Key Milestones in Elephant Conservation

1500s - Estimates put the number of elephants on the African continent around 26 million when Europeans first started exploring.

Late 1800s - The mass production of combs, piano keys, brush handles and pool balls fuels an ivory frenzy in Europe. Learn more

Early 1900s - Shooting an African elephant is considered to be a great honor for Europeans on safari. Learn more

1913 - The U.S. is consuming two hundred tons of ivory per year. The African elephant population has dropped to an estimated 10 million. Learn more

1950s – Elephant slaughter begins to drastically increase with estimates that 250 elephants are killed every day. The increase correlates with many African regions gaining independence from colonial rule. 

1973 - The Convention on International Trade in Endangered Species of Wild Fauna and Flora (CITES) is agreed to on March 3, 1973.

1973 - The Endangered Species Act is signed into law on December 28, 1973, becoming immediately effective.

1977 - The African elephant is listed on CITES. International trade for commercial purposes continues; the international African ivory trade is regulated by CITES. Learn more

1978 - The African elephant is listed as threatened under the Endangered Species Act. A “special rule” allows for the commercial ivory trade to continue, including for the import and sale of African elephant ivory. Learn more

1979 – Elephant population is reported at 1.3 million according to the results of the first Pan-Africa elephant survey led by Dr. Iain Douglas-Hamilton.

1988 - After ten years it becomes clear that the supposedly well-regulated international trade of African elephant ivory is a failure. The African elephant population has been cut by more than half in 10 years. Learn more

1989 - CITES agrees to list the African elephant on Appendix I, as a result a ban on the international sale of ivory goes into effect in early 1990.

1989 - Only 600,000 elephants remain. The African Elephant Conservation Act is passed, banning the import of African elephant ivory into the U.S.

1990s - Some elephant populations begin to show signs of recovery, especially in East Africa and in some southern African countries. Kenya’s population grows to more 30,000 by 2007 from an historic low of 16,000.
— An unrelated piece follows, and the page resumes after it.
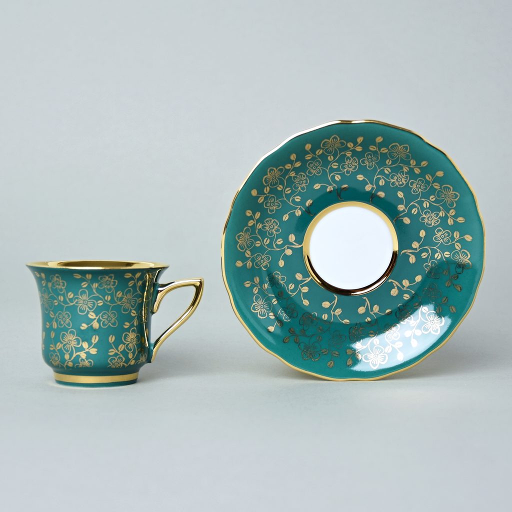 Šálek 80 ml a podšálek mokka Windsor, Tmavě zelená, Leander 1907 Loučky

1997 - Botswana, Namibia and Zimbabwe submit proposals downlist their populations to Appendix II and to sell their ivory stockpiles. CITES approves the sales based on the positive status of these countries’ national herds.  The first “one-off sale” occurs in 1999 to a single CITES-approved buyer, Japan.

2002 - South Africa submits a proposal to downlist their populations to Appendix II. South Africa plus Botswana, Namibia and Zimbabwe seek another “one-off sale”.  This second one-off sale occurs in 2008 to two CITES-approved buyers, Japan and China. Conservationists fear that opening up a legal ivory market in China will lead to increased poaching. 

2007 - The African Elephant Coalition (AEC) countries are successful in passing a CITES-instituted a 9-year moratorium on new ivory stockpile sale proposals.

2009-2013 - Empirical research, MIKE PIKE levels and ETIS ivory seizures demonstrate poaching of elephants for their tusks and trafficking of ivory is occurring at alarming levels, surpassing a level at which elephant populations can naturally reproduce -- populations across the continent go into net decline. 

2011 - Numbers of poached elephants and large-scale ivory seizures are so high that it is labeled annus horibilis for the species. 

2012 - Sudanese Janjaweed poachers travel across the Sahara desert to massacre several hundreds of elephants in the span of a few days in Bouba Ndjida National Park, Cameroon -- the scale of the killing is labeled as unprecendented.

2012 - Secretary of State Hillary Clinton makes a Call to Action to world leaders to stop the epic slaughter of Africa’s elephants.

2012 - Growth of a consumer class in China increases demand for ivory. The price reaches $1,000 per pound in Beijing; low wages in Africa drive poachers to increasing harvesting. CITES recognizes that elephant poaching has again reached “unsustainable level.” Learn more

2013 - U.S. President Barack Obama passes Executive Order combating Wildlife Trafficking to attack the issue through a whole government approach.

2014 - Paul Allen and Elephants Without Borders launch The Great Elephant Census, the first-ever pan-African aerial census that will provide new, accurate data about the number and distribution of African elephants, information that will be critical to their future survival.

2015Great Elephant Census flights over 50% complete, some preliminary individual country data suggests dramatic drops in populations in some regions, and a few surprise herds in places where elephants did not previously exist. 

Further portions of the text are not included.